There seem to be some conflicting information about this. Some people seem to suggest using multiple command queues and some say it is not supported and some say a single command queue is enough... So...
1- Can the driver execute memory transfers of objects while executing a kernel? (assuming memory objects are not related to the kernel currently running).
2- Do we need to set
CL_QUEUE_OUT_OF_ORDER_EXEC_MODE_ENABLE or does this option only effect overlapping kernel executions?
1. Yes, these two operations can be overlapped on certain hardwares. With DMA support, device can perform kernel execution while doing independent memory transfer operation. For more details, I would refer you to check AMD's OpenCL optimization guide.
2. AFAIK, on AMD platform, host-side queue works as in-order manner. However, certain devices have hardware support which can simultaneously handle multiple commands from multiple queues. Hence, one can use multiple command queues to enqueue many independent tasks to device at the same time.
Note: As per OpenCL spec, supporting out-of-order queue is not a mandatory feature. So, I guess if you pass the out-of-order flag during command queue creation, the implementation may ignore this flag if out-of-order is not supported by the platform.
1- if you check the latest SDK, you can see that CL_QUEUE_OUT_OF_ORDER_EXEC_MODE_ENABLE is used in 3 examples, are you sure all the AMD devices work in-order? (if not, which ones support this flag?)
2- Can you tell or show a document which AMD devices support multiple queues?
3- Is there any known drawbacks of using multiple command queues? For example things like invalidating caches etc?
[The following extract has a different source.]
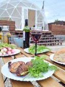 Мероприятия: проводятся, чаще всего, на улице. Мебель выносится на открытые террасы. В случае непогоды события проводятся в геокуполе, вместимость которого до 40 человек. Если на вашем событии более 40 человек - возможно, вы захотите взять в аренду дополнительные шатры (У сторонних организаций или привезти свои. Дополнительной оплаты за факт установки шатров нет).

1. Are you referring to device side enqueue examples? If so, then, as per OpenCL spec (clCreateCommandQueueWithProperties), a device side enqueue must be an out-of-order queue.
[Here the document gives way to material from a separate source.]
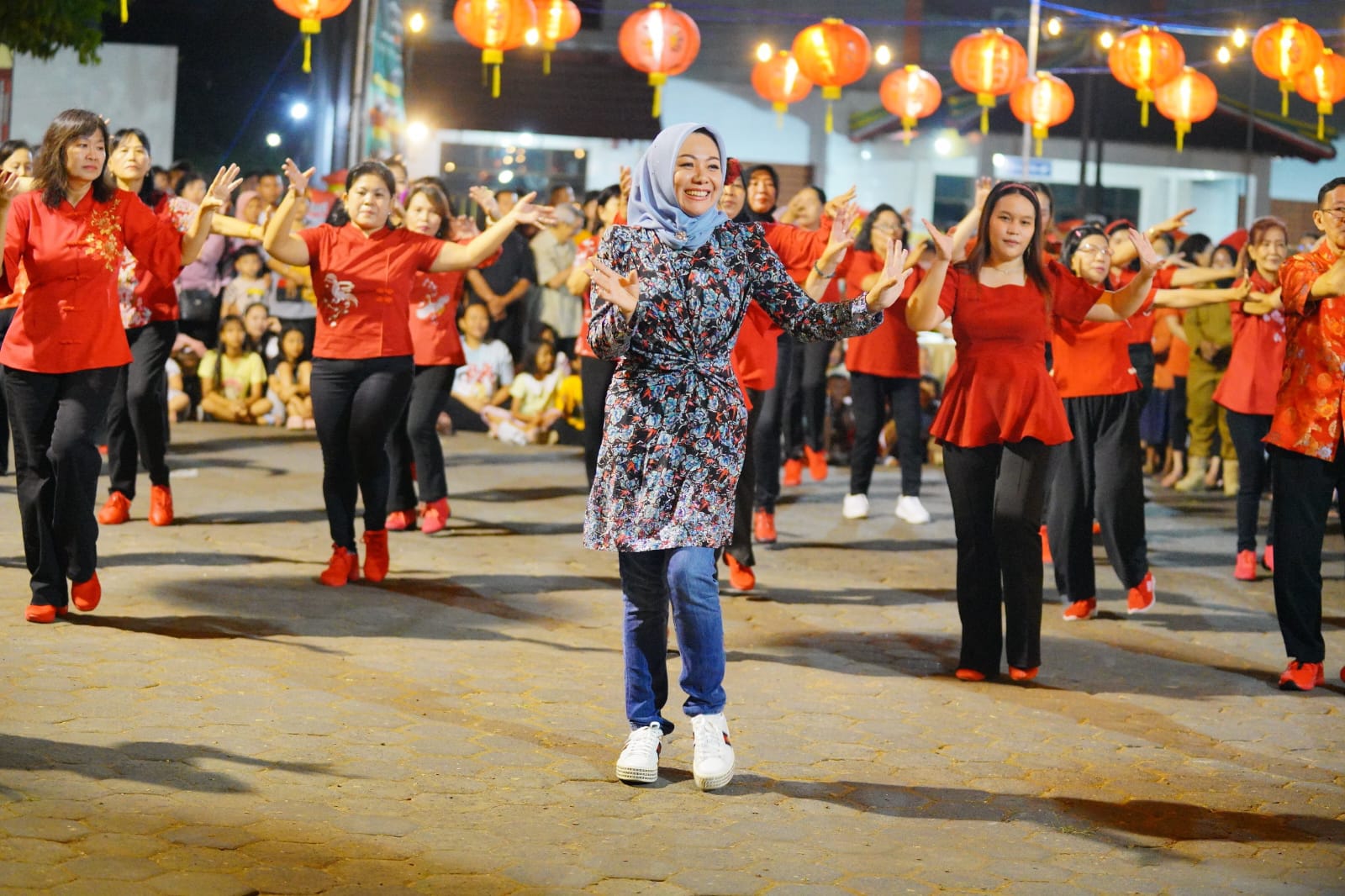 Usai sambutan, panggung seni pun dimulai. Anak-anak dari sekolah mingguan TITD membuka pertunjukan dengan tari snukits, disusul atraksi siang kung, peragaan model Miss Tionghoa, line dance dari Serenity, hingga atraksi bantengan dan barongsai. Menariknya, dr. Evariani Aminuddin dan Kepala BPS Mouna Sri Wahyuni ikut menari dalam penampilan line dance.

2. As you know, OpenCL programming supports multiple command queues(more specifically software command queues). However, how commands enqueued to such multiple queues are handled depends on the hardware and implementation. To know how it works on AMD platform, you may check the section "1.3.6 Command Queue" of AMD's OpenCL programming guide.
3. I'm not aware of such drawbacks. As I guess, using multiple queues can actually improve performance if underlying devices have such hardware support. However, it is programmer's responsibility to enqueue independent commands on multiple queues to take proper advantages.